Умеренное «не в духе» показалось мне весьма неточным определением настроения родоначальника. Он промчался вдоль ограды, борозднул землю короткими ногами, взрыл копытами, пустился на середину загона, откуда нацелился и дал полный вперед. Все отшатнулись, а я опять успел подумать о Мадриде и о славной, но трагической кончине очередного матадора. К счастью, Христофор знал, что в проволочной ограде бывает ток-пастух, и вовремя затормозил, — именно затормозил, этак голову вниз, рогами в землю.
— Делать нечего, — подвел итог директор. — Вам ведь надо сделать боковые снимки. Давайте попытаемся. — И он изложил план обуздания буй-тура. В носу у Христофора поблескивало кольцо. Вот если бы провести в это кольцо веревку…
Рабочие под начальством младшего зоотехника начали обходное движение. Предательскую веревку, нечто вроде морского каната нахимовских времен, тщательно прятал за спиной сам зоотехник. Но Христофор был искушен в отражении подобных диверсий противника. Группа, предназначенная для того, чтобы отвлекать его внимание, мигом была обращена в бегство. Основные силы потерпели столь же позорное поражение. Лицемерные уговоры Христофор отвергал с презрением.
— Пусть он побуйствует, подождем, может, успокоится, и я сниму его с помощью телеобъектива издали, — утешал я директора, очень мало надеясь на перемену в настроении Христофора. Директор вытирал пот со лба носовым платком. Войско зоотехника передышки ради расселось под кустами. Старший зоотехник что-то сказал директору.
— Да, больше ничего не остается, — одобрительно кивнув головою, сказал тот. Зоотехник вскочил в машину и уехал.
— Он поехал за верным средством! — торжественно объявил директор. — У вас будут хорошие снимки, — упирая на «будут», оптимистически добавил он.
«Вероятно, за наркозом поехали, — подумал я. — Чем еще укротишь Христофора?.. Но бык под наркозом, то есть, по-видимому, лежачий, — что это за картина…»
А Христофор коротким галопом делал круги в середине загона и готовился к новым мадридским сценам.
Машина замелькала среди построек и быстро добралась до линии огня. Вылез зоотехник, но не отошел от машины и не принял из нее атрибуты для наведения наркоза на Христофора. Он протянул руку, и из машины стала выбираться чистенькая, почтенная старушка. Директор устремился к ней и, называя ее Марией Ивановной, стал излагать ей цель моего приезда и нежелание Христофора фотографироваться.

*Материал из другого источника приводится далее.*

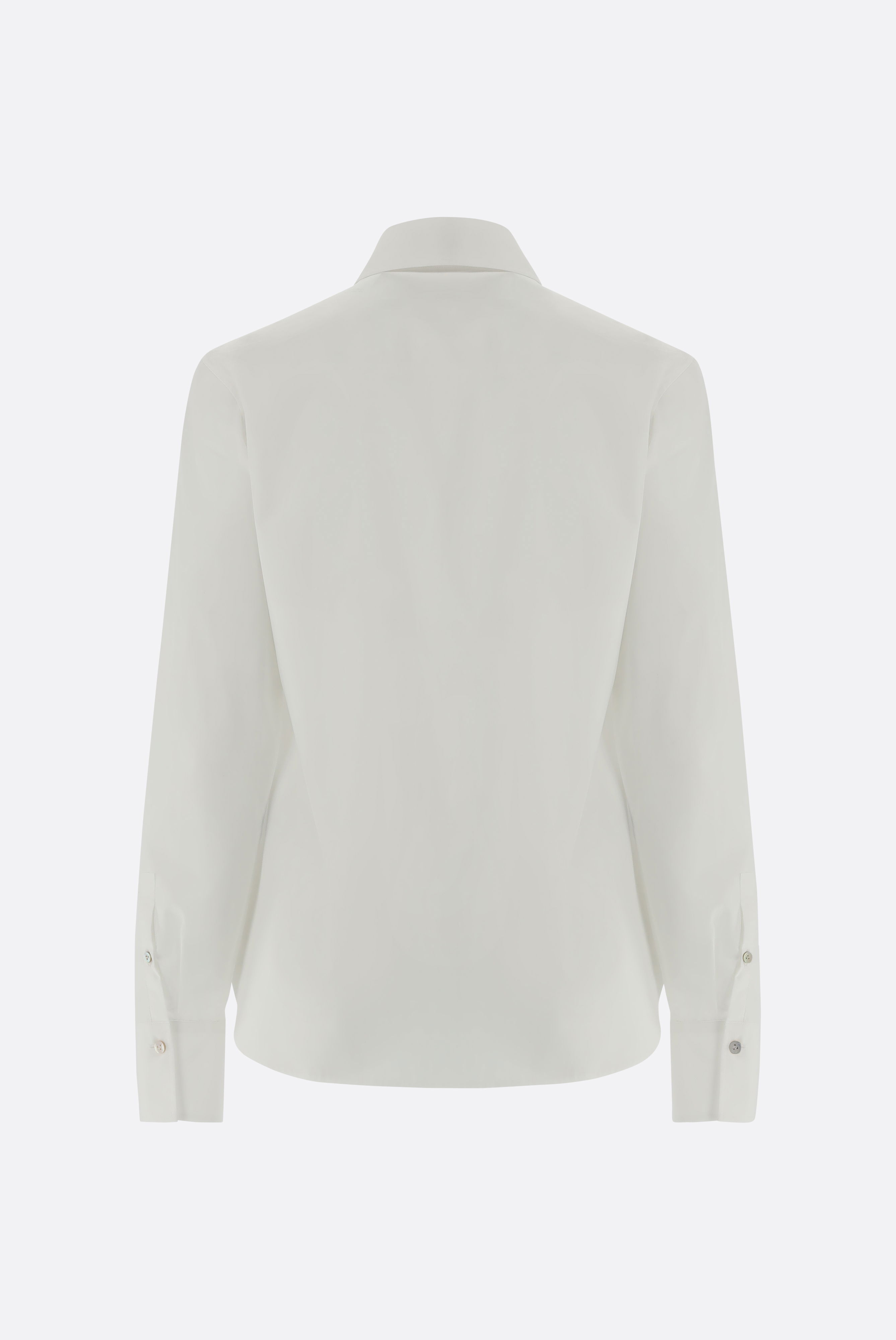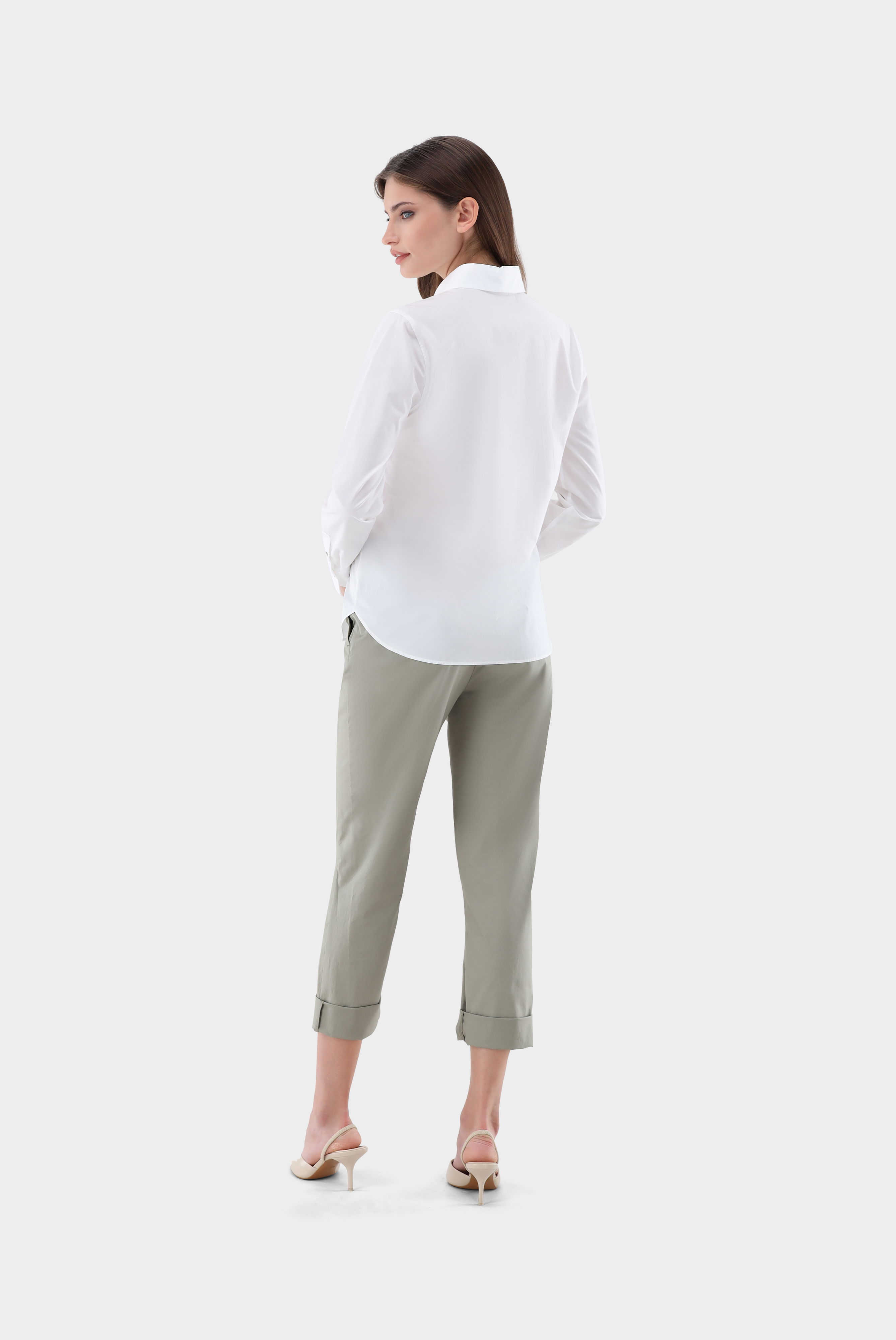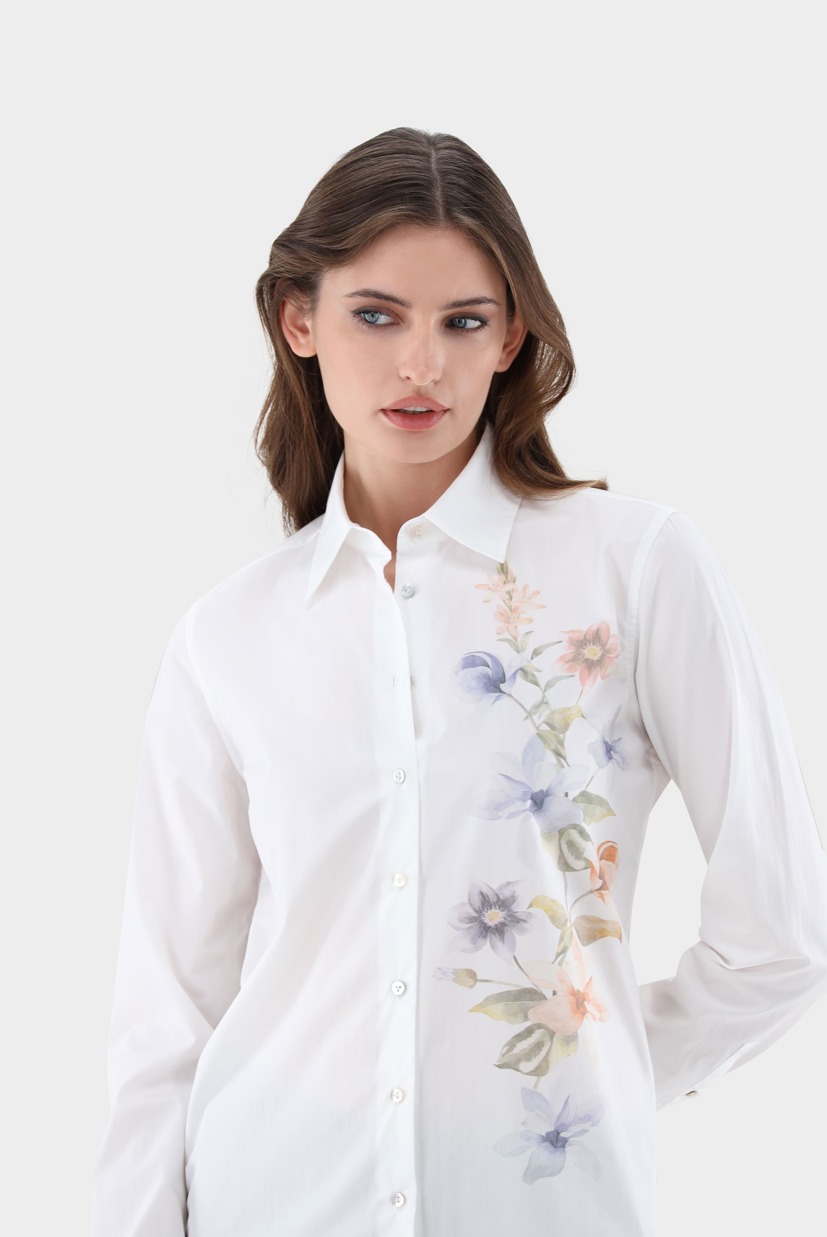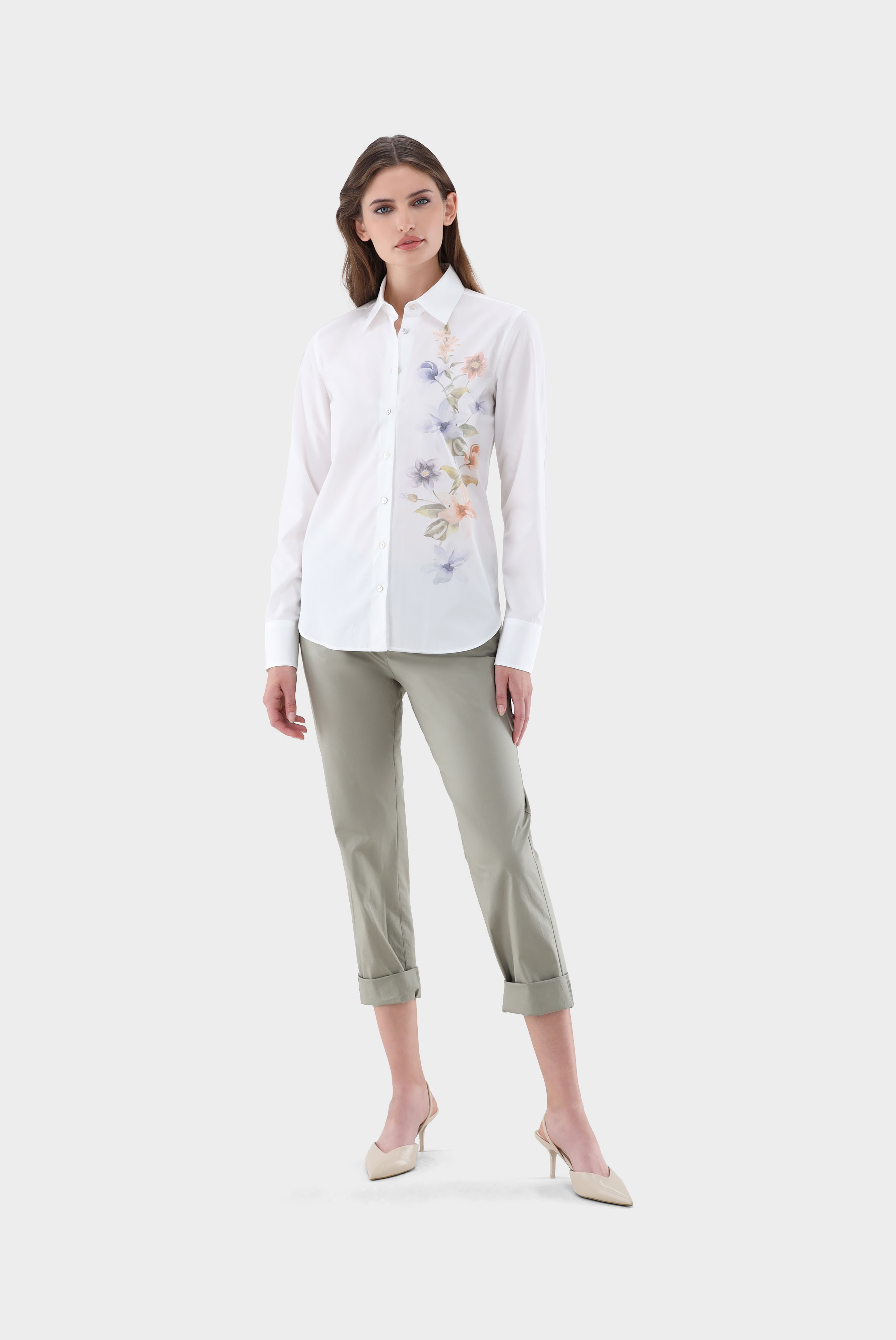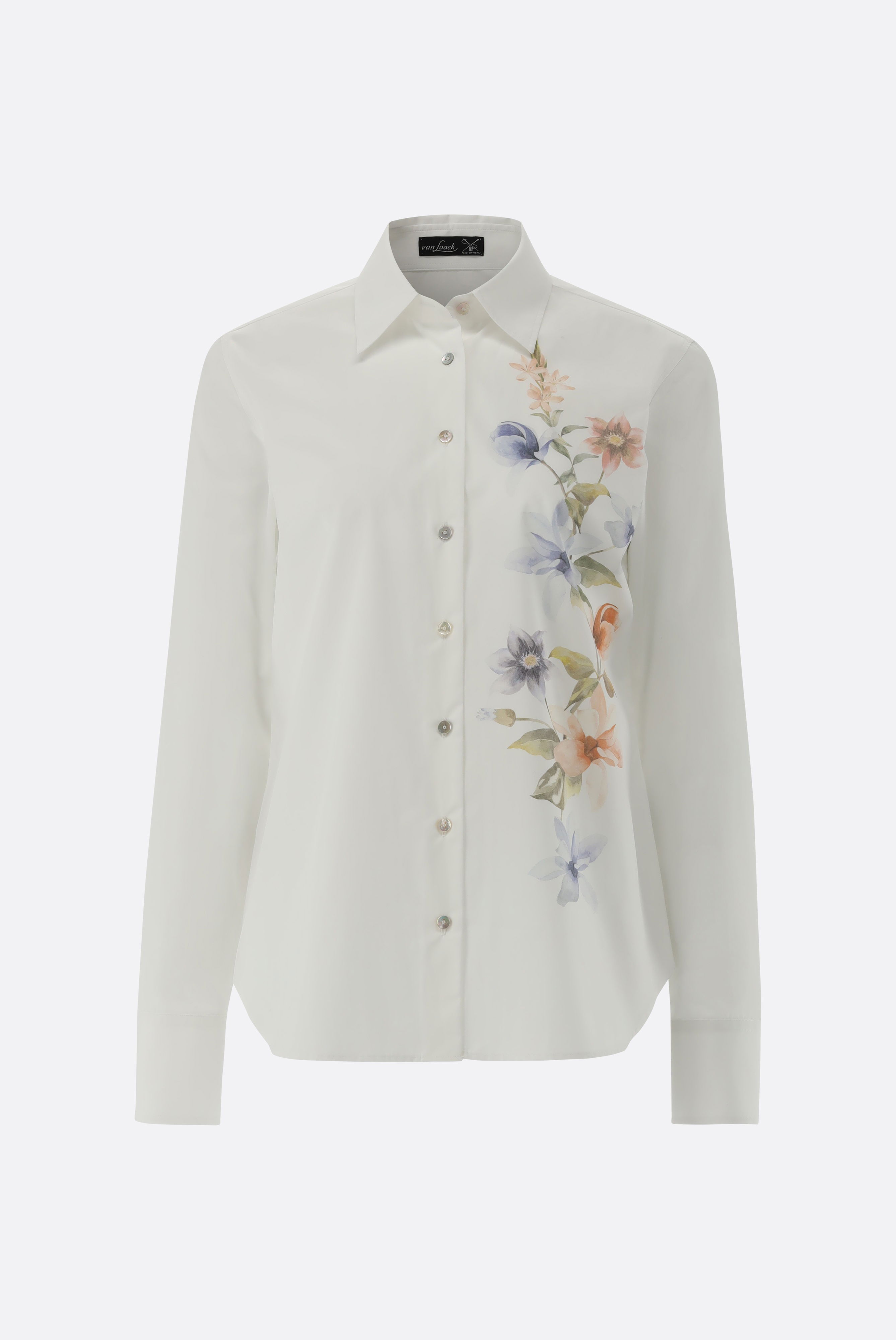 Diese taillierte Hemdbluse aus hochwertiger Baumwolle überzeugt durch ihren dezenten, pastellfarbenen Blumenranken-Print, der kunstvoll auf der linken Vorderseite platziert ist. Ergänzt durch edle Perlmuttknöpfe ist die Bluse ein idealer Begleiter für Casual- und Business-Looks. Ein stilvolles Design, das sowohl Eleganz als auch Leichtigkeit ausstrahlt.

— Хорошо, хорошо, батюшка, погоди малость, я с ним поговорю, с Христофорушкой моим, — ответствовала старушка. — А вы пока что отойдите малость в сторонку.
Мы охотно отошли за кусты.
Марья Ивановна засеменила к ограде, ловко пролезла под проволоку и оказалась в полной власти свирепого Христофора. Он стоял в середине загона и, слегка наклонив голову, всматривался.

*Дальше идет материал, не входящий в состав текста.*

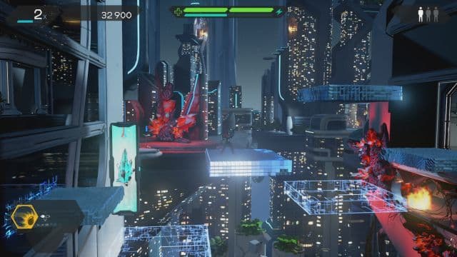 Студия Housemarque успешно развила механику боевика с перемещением в двух плоскостях и приправила убийства врагов и прыжки по платформам своеобразными идеями. Зачистка футуристического города от обезумивших машин становится интереснее благодаря наличию у наёмницы Авалон Дэрроу определённых приёмов.
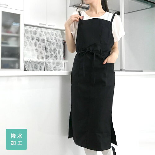 【メール便送料無料】ロングエプロン 黒 バッククロス エプロン ロング ワークエプロン カフェ 制服 おしゃれ かわいい 撥水加工 大人 上品 エステ サロン 仕事用 プレゼント ギフト クリスマス bap
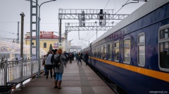 Погода не располагала к прогулкам, но праздничная атмосфера была создана прямо на вокзале.
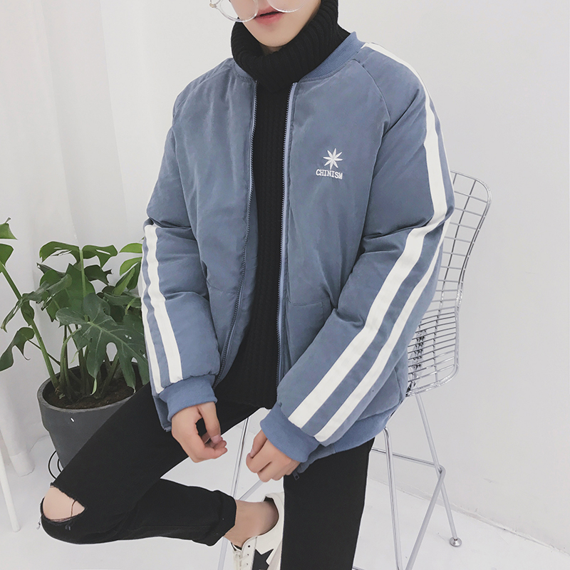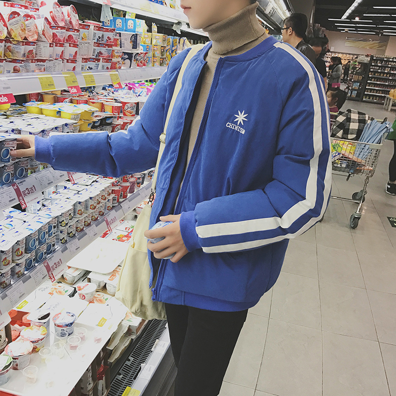 / 男裝楓葉印花韓版棒球領棉服加厚男士短款棉衣外套

— Христофорушка, ты чего это опять развоевался, — услышали мы. — Поди-ка сюда, теленочек милый, поди ко мне, хороший!
И что бы вы думали?
Мелкими шажками, радостно спеша, здоровенный буй-тур стал приближаться к старушке.

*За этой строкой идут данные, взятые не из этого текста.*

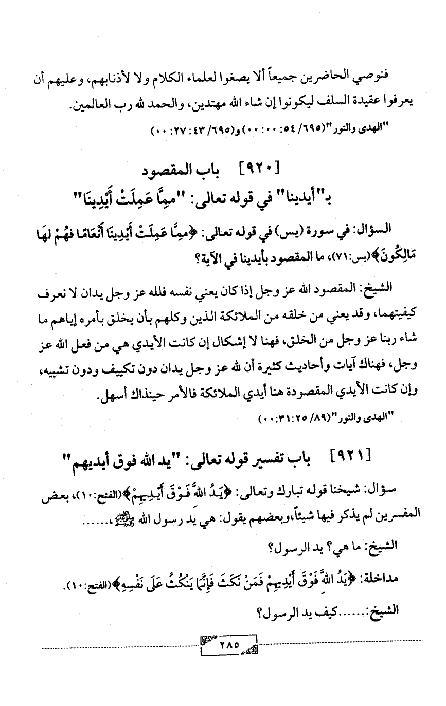 فنوصي الحاضرين جميعاً ألا يصغوا لعلماء الكلام ولا لأذنابهم، وعليهم أن يعرفوا عقيدة السلف ليكونوا إن شاء الله مهتدين، والحمد لله رب العالمين.
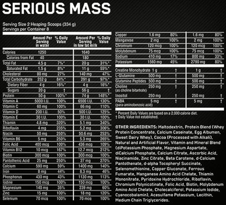 SERIOUS MASS е най-добрата формула за наддаване на тегло. Със 1250 калории на порция и 50 грама протеин за подкрепа за възстановяване на мускулите, този инстанцизиран прах прави идеалната след тренировка и между храненията за оразмеряване на вашите цели. SERIOUS MASS ви осигурява инструментите, които трябва да съберете килограмите и да ви помогне да развиете физиката, която винаги сте искали.
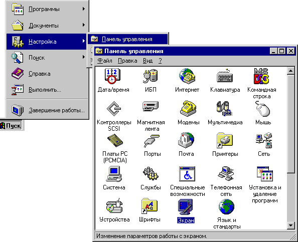 конфигурацию системы. Например, можно изменить вид экрана,
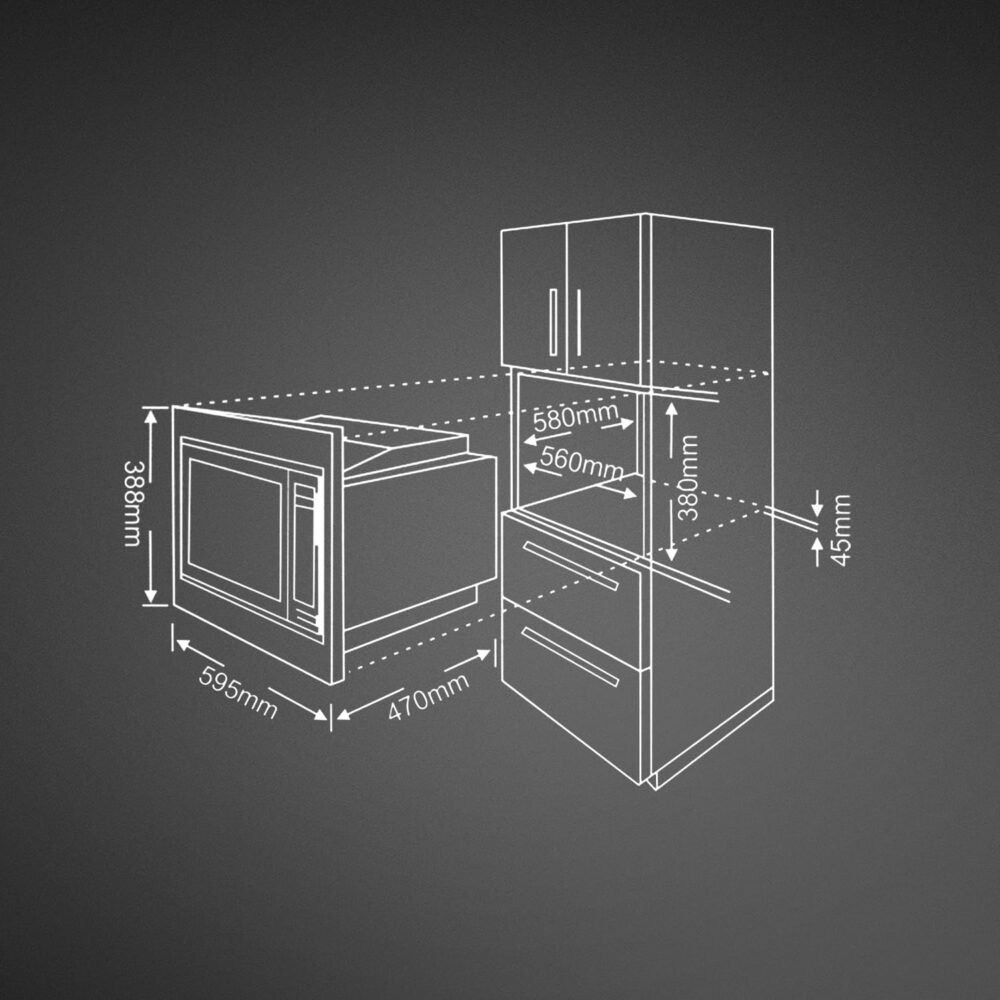 KAFF KMW8A-BLK 25L Built-in Microwave Oven with Convection

— Она его выкормила, — объяснил директор. — Только ее он в гневе своем и признает. Верное средство наша Марья Ивановна!
Бык уже терся головой в плечо своей давней няни, но терся он осторожно, словно сознавая свою силу и хрупкость существа, столь приятного ему.
Марья Ивановна гладила Христофора, что-то говорила, положив руку ему на шею, прошла с ним несколько шагов по загону. Потом они вместе оказались у самой ограды. Должен сказать, что снимки, сделанные мною на «поле боя», были самыми лучшими. Марья Ивановна устанавливала Христофора в нужную позицию и отступала шага на три, напоминая ему, чтобы он стоял по-хорошему. Он и стоял. Я, в свою очередь, попросил Марью Ивановну опять положить руку на могучую шею буй-тура и сделал еще снимок, для себя. Он у меня и хранится.
Глядя на этот снимок, я думаю о том, какое это и вправду верное средство — любящее доверие.